A car (mass 920 kg) drives up a hill (height 328 m) in 143 seconds. At the bottom of the hill, it has a speed of 24 m/s, but at the top, it has slowed down to 14 m/s. Neglecting friction, what is the average engine power
To find the average engine power, we need to calculate the work done by the car's engine in driving up the hill and then divide it by the time taken.
First, let's calculate the work done by the car in driving up the hill. The work done can be calculated using the formula:
Work = Force x Distance x cos(theta)
Where:
- Force is the net force acting on the car
- Distance is the displacement
- theta is the angle between the direction of force and displacement
In this case, the net force acting on the car is the gravitational force pulling it down the hill. The gravitational force can be calculated using the formula:
Force = Mass x Gravitational Acceleration
So, the work done becomes:
Work = Mass x Gravitational Acceleration x Distance x cos(theta)
Since we neglect friction, the net force acting on the car is the component of gravity that acts parallel to the displacement, which is given by:
Force = Mass x Gravitational Acceleration x sin(theta)
Now, we need to calculate the displacement. Since the car is driving up the hill, the displacement is equal to the height of the hill, which is 328 m.
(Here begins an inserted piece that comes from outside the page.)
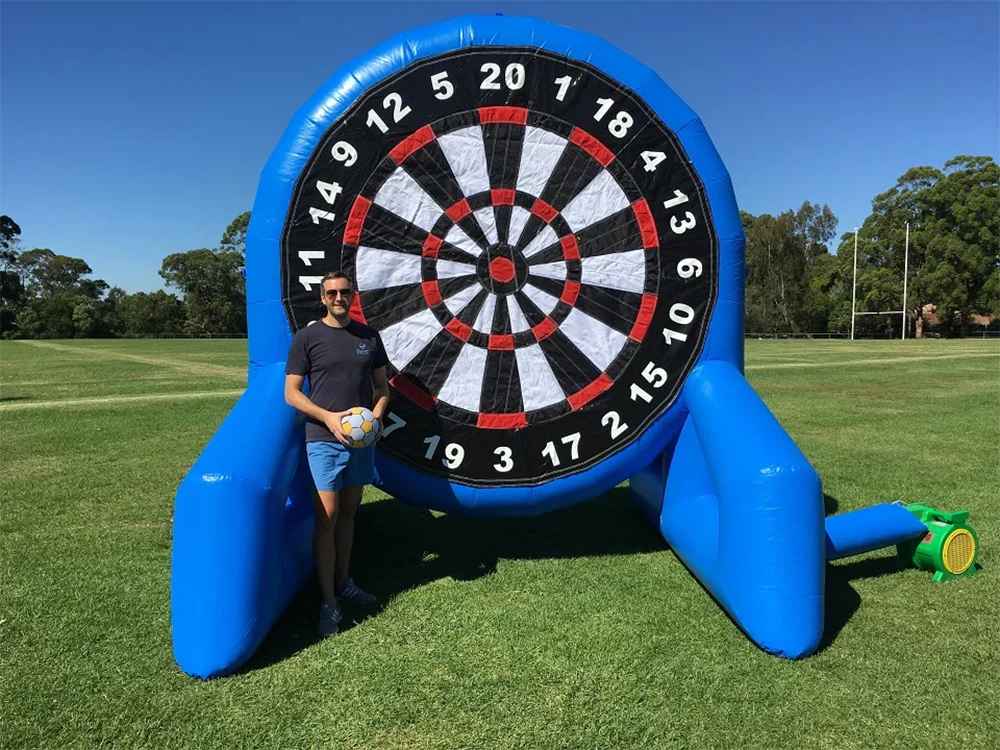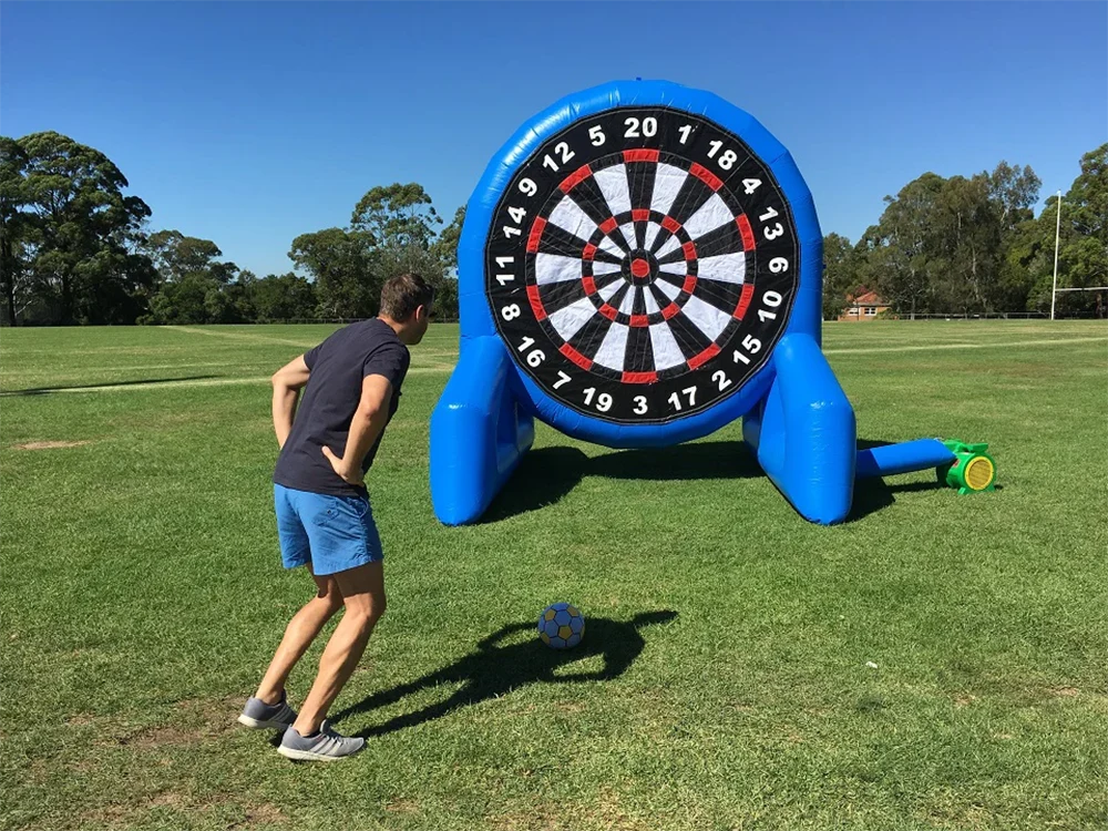 The best of 2 classic soccer games combined!! Challenge your team mates or colleagues to the skilful art of Soccer Darts OR a Soccer Shootout! This giant inflatable skill station is accessible to all ages so everyone will want a go. The ultra sticky ball and backboard will leave no doubt as to who gets the bulls-eye, or battle it out in a points shootout! And for promotional purposes, why not get your branding put on any type of velcro products and have contestants aim for special prizes? This game is sure to get people hooked as they try to outdo each other and score the most points. Guaranteed to draw a crowd of contestants and onlookers!

Plugging in the values, the work done becomes:
Work = Mass x Gravitational Acceleration x Distance x cos(theta)
= Mass x Gravitational Acceleration x 328 x cos(theta)
Next, we need to calculate the time taken. In the question, it is mentioned that the car takes 143 seconds to drive up the hill.
Finally, we can calculate the average engine power (P) using the formula:
P = Work / Time taken
Substituting the values, we have:
P = Mass x Gravitational Acceleration x 328 x cos(theta) / 143
Remember to convert the mass of the car into kilograms and the gravitational acceleration to m/s^2.
It's important to note that we need the angle between the direction of force and displacement (theta) to calculate the actual average engine power. However, if the angle is not provided, we can assume that the force and displacement are parallel, and therefore, theta is 0 degrees. In this case, the average engine power can be calculated without knowing the angle.